Die manifestatie is inmiddels weer afgelopen, maar er valt nog het nodige na te genieten en mee te beleven in het boek dat Rick de Leeuw, Anna Luyten en Remco Sleiderink hebben samengesteld. Het is een heel afwisselend boek geworden, dat een passend huldeblijk aan vijfhonderd jaar stedelijke cultuur biedt. Hoog en laag zijn daarbij niet te onderscheiden. Het boek opent met een, in zijn letterlijke weergave wat aandoenlijk, dubbelinterview (‘Dat was toch met Katrien, van de kantwinkel op de Graslei?’) met de twee mensen die worden getypeerd als de drijvende krachten achter de rederijkersvereniging van nu, het echtpaar René Willems en Hélène Meylemans. Het gesprek getuigt van een buitengewoon authentieke liefde voor het theater en het woord, vooral wanneer de twee elkaar gaan bevragen: na zoveel jaren huwelijk nog altijd niet uitgesproken over toneel.
Remco Sleiderink voert de lezer in kort bestek en zonder veel omhaal door de geschiedenis van ’t Mariacranske, dat zijn hoogtij in de zestiende eeuw beleefde, met getalenteerde artistieke leiders als Jan Smeken en Jan van den Dale. Dan volgt het gedicht van Jan Smeken met de beschrijving van het oorspronkelijke sneeuwfeest uit 1511, met een vertaling naar modern Nederlands door Rick de Leeuw, dichter en schrijver, maar toch vooral bekend als popmuzikant. Hij durft genoeg vrijheden te nemen om het pittige vers van Smeken te laten herleven: ‘Aan het Holland waren twee Noorse trollen/ Verbrand in hun smoel, verbrand aan hun hand/ De een ’n oud wijf, de snolste der snollen/ In haar kop gaapte een mond zonder tand’. De rest van het boek geeft een indruk van WIT, de winteractiviteiten van 2007. Bert De Keyser en David Van Reybrouck, curatoren van de onderdelen beeld en woord, worden kort geïnterviewd over het project. En uiteraard zijn de kunstwerken in fraaie foto’s vastgelegd en zijn de negen gedichten opgenomen, al dan niet met vertaling. Beeld en woord wisselen elkaar af en lijken in deze presentatie de dialoog aan te gaan. Anna Luyten en Rick de Leeuw geven een impressie van hun wandeling door de stad langs de beeldenroute en bezien de beelden in hun context.

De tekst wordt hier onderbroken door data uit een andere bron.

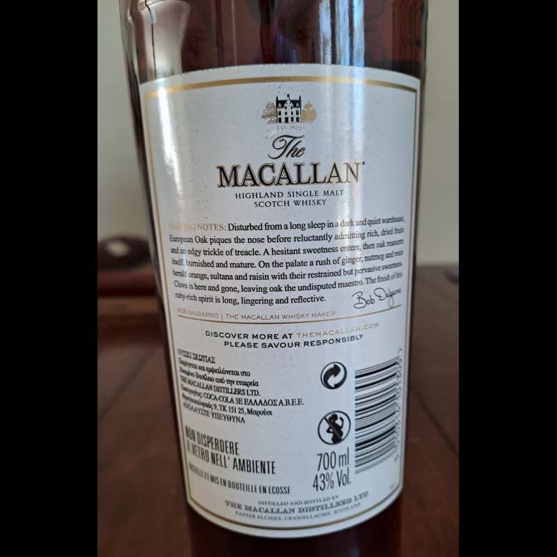 Macallan Ruby, original bottling uit de 1824 serie. Sherry Casks, Alc. 43%, 700 ml. Vulniveau: high shoulder/low neck.

Het slot is weer voor het verleden, in een stuk waarin de onbekende geschiedenis van de fusiepartner van ’t Mariacranske, De Wijngaard, wordt verkend. Rederijkerskamer ’t Mariacranske is geen naslagwerk, maar een fraai vormgegeven tijdsdocument en impressie van Brussels kunstleven. Het viert vijfhonderd jaar cultuur op een manier die eigenlijk veel spannender is dan de geijkte studie-plus-restauratie. Het gaat over de geschiedenis, maar nog meer over de kracht van creativiteit in de grote stad van vandaag.